On deriving the standard form of the Klein-Gordon propagator

[Nauj Onerom]

I'm trying to make sense of the derivation of the Klein-Gordon propagator in Peskin and Schroeder using contour integration. It seems the main step in the argument is that $e^{-i p^0(x^0-y^0)}$ tends to zero (in the $r\rightarrow\infty$ limit) along a semicircular contour below (resp. above) the real line for $x^0 > y^0$ (resp. $x^0< y^0$). It is this that I'm having trouble making sense of.

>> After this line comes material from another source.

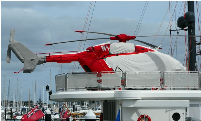
Eurocopter EC-135 Bubble, Engine, Rotor Hub, Tail Surfaces Covers

If we consider $$ \int_{C_{below}} \frac{dp^0}{2\pi}\frac{e^{ip(x--y)}}{i(p^2-m^2)} = \int_{0}^\pi \frac{d\theta}{2\pi}(-ire^{i\theta})\frac{e^{-i[re^{i\theta}(x^0-y^0) - \vec{p}\cdot(\vec{x}-\vec{y})]}}{i((re^{i\theta})^2 - \vec{p}^2 - m^2)},$$ the integrand seems to tend to zero as $r\rightarrow\infty$ regardless of whether $x^0 > y^0$ or $y^0 > x^0$ since the exponential is bounded. So I guess my question is what stops us from choosing this same contour for the $y^0 > x^0$ case, which would give a nonzero result?

 

[frenchfryburrito]

To use contour integration you need to pick a contour where the extra half-semicircle will go to 0 for large imaginary p0 (due to the exponential). The upper half plane corresponds to +ip0, while the lower half plane corresponds to -ip0. For x0>y0, -ip0 will converge to 0 along the semicircle at infinity (this is the lower half plane), while ip0 blows up along the semicircle at infinity (this is the upper half plane. The argument works exactly in reverse for x0<y0.